For commentary, click here and hereProfessor Jill Family analyzes the decision on SCOTUSblog.

 

4.    Deference to the BIA:  Kawashima v. Holder

    In Kawashima v. Holder,  the U.S. Supreme Court, in a majority (6-3) decision written by Justice Clarence Thomas, affirmed the Ninth Circuit's holding that a tax crime was an “aggravated felony” under the U.S. immigration laws subjecting an immigrant to removal.  Joined by Justices Breyer and Kagen, Justice Ginsburg dissented.

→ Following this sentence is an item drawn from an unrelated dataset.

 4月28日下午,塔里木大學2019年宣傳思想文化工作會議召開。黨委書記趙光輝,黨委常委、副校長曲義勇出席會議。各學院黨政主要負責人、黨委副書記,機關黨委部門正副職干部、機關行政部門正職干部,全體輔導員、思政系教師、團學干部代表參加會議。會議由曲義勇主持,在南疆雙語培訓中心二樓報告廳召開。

    The issue before the Court was whether that the convictions of Akio and Fusako Kawashima, natives of Japan who had been lawful permanent residents since 1984, for the filing, and aiding and abetting in filing, a false statement on a corporate tax return constituted “aggravated felonies,” thereby making them removable from the United States.  Engaging in a straight-forward analysis of the statutory language, the Court concluded that the crimes constituted "aggravated felonies" subjecting them to removal.

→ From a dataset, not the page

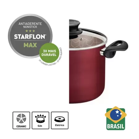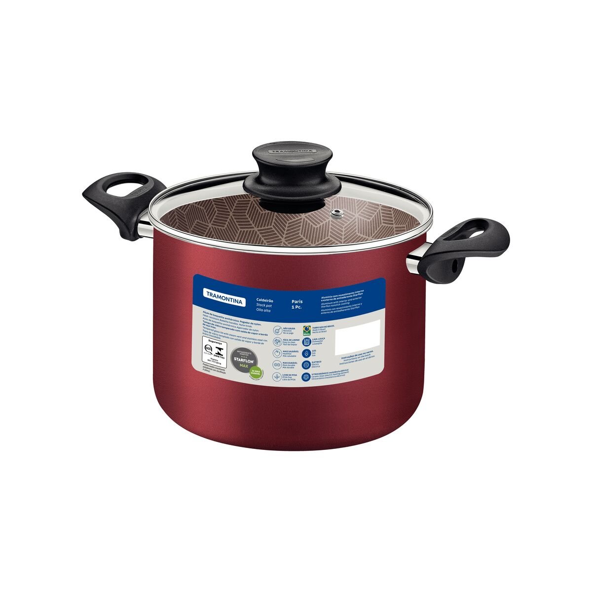 لتحضير وجباتك بطريقة عملية أكثر، اعتمد على قدر ترامونتينا باريس المصنوع من الألومنيوم، والمُغطى بطبقة ستارفلون ماكس الداخلية والخارجية غير اللاصقة باللون الأحمر، وغطاء زجاجي، بقطر 26 سم، وسعة 9.6 لتر. مثالي لتحضير الحساء والوصفات الأخرى بكميات كبيرة، بهيكل من الألومنيوم وطبقة ستارفلون ماكس غير اللاصقة. بفضل هذه الخصائص، يُطهى القدر الطعام بالتساوي دون أن يلتصق بالسطح. مقابضه مصنوعة من الباكليت المقاوم للحرارة، ويأتي بغطاء زجاجي يُسهّل عملية الطهي. بالإضافة إلى كل هذه الميزات، فهو سهل التنظيف ويمكن وضعه في غسالة الأطباق، مما يُسهّل مهام مطبخك!

    At various times, the Supreme Court has applied the “rule of lenity” to interpret ambiguities in a deportation statute in favor of the noncitizen fighting deportation. Justice Thomas and the majority did not seem to see any ambiguities in the removal statute that warranted invocation of the rule of lenity.  In contrast, Justice Ginsburg in dissent relied on the rule of lenity as a basis for her interpretation of the statute in favor of the noncitizen.

    In Kawashima v. Holder, the Court engaged, as often is the case in immigration cases, in a debate over statutory construction of the complex immigration laws. This is a run-of-the-mill statutory interpretation case. Justice Thomas focuses on the plain meaning of the statute and Justice Ginsburg reads more into the statutory text (and structure of two sub-sections).  As with the other decisions discussed in this post, I do not see this immigration case having much of an impact on immigration cases.   

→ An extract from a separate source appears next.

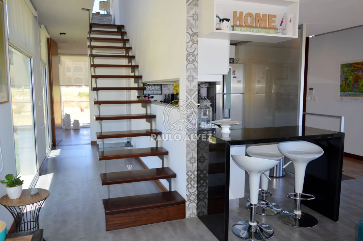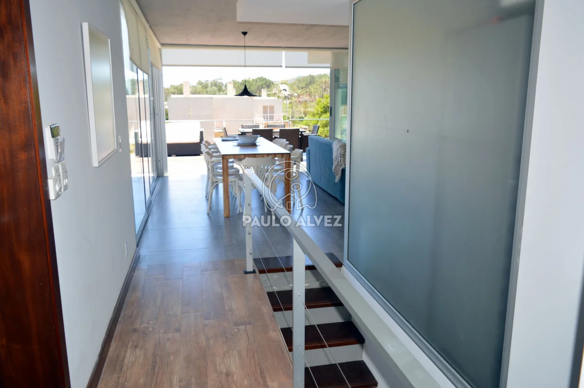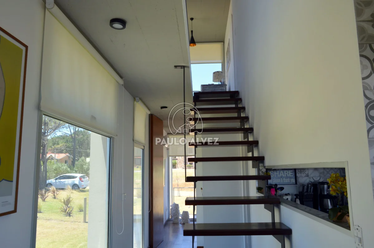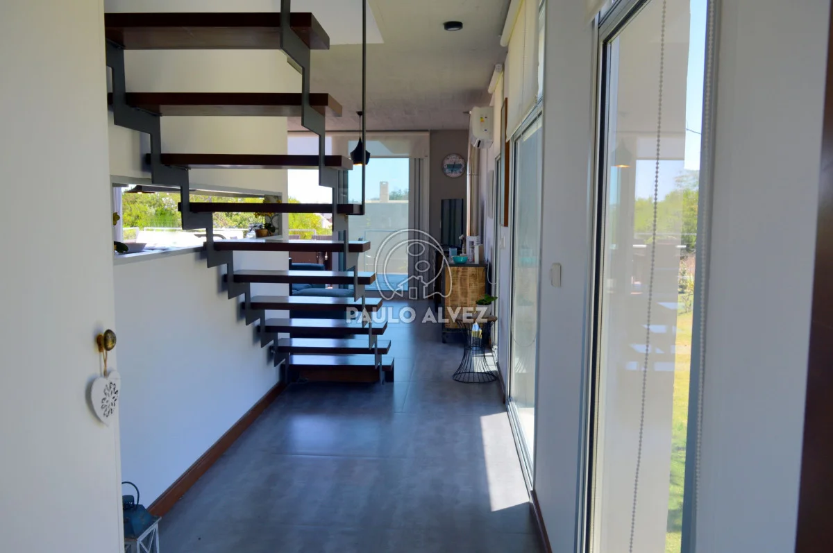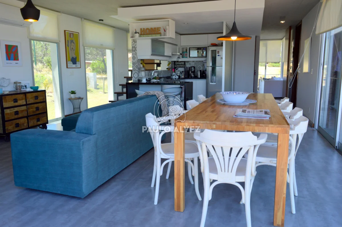 Propiedad de buen calibre desarrollada en 3 plantas, con excelente gusto por el diseño y rodeada por un entorno tranquilo y natural. Acceso principal a planta intermedia, living comedor con estufa a leña de alto rendimiento, tv led con DirecTv, y acceso a terraza integrada mediante puertas ventanas. Esta última, amplia con parrillero y horno a leña, amueblada para disfrutar del aire libre. Cocina funcional con desayunador con equipamiento total. Pasillo a baño social y segundo living con estufa a leña, acceso a balcón delantero y vista al mar; el mismo conecta ambas alas de la propiedad. Escalera a planta alta, escritorio y dormitorio principal en suite (baño completo con bañera) con vestidor y hermosa vista al mar. Pasillo con acceso a terraza superior, ideal para disfrutar de vista panorámica a la costa y cerros.El subsuelo comprende dos dormitorios matrimoniales y baño completo. Amplio fondo y cocheras cubiertas con lavadero. Cerca perimetral, alarma y aire acondicionado en todos los ambientes. Por más información contáctenos.

    For commentary, click here.  A recap of the decision on SCOTUSBlog can be found here.

Conclusion   

    Nearly twenty years ago in Responding to the “Litigation Explosion”:  The Plain Meaning of Executive Branch Primacy Over Immigration, 71 North Carolina Law Review 413 (1993), I criticized a series of Supreme Court immigration decisions that applied ordinary principles of statutory construction and administrative law in the review of agency immigration decisions.  My claim was that, given the important life and liberty issues at stake in an immigration case, the courts should engage in more exacting judicial review of agency removal decisions.

    The Supreme Court obviously has not embraced my suggested approach. Nonetheless, the good news is that the Court is engaging in meaningful review of agency decisions and applying ordinary administrative law principles in that review, not blindly deferring to the Board of Immigration Appeals.  In terms of statutory interpretation, the Court is, as in other cases, focusing on the plain meaning of the text of the statute.  The immigration attorney should take to heart the Court’s devotion to rigorous statutory construction and expect ordinary – but not excessive – deference to the agency by the courts to the rulings of the BIA.

Comments

5/29/2012 10:55:58 AM #

It is good to know that at least the Court is engaging in meaningful review of agency decisions and applying ordinary administrative law principles in that review, not blindly deferring to the Board of Immigration Appeals.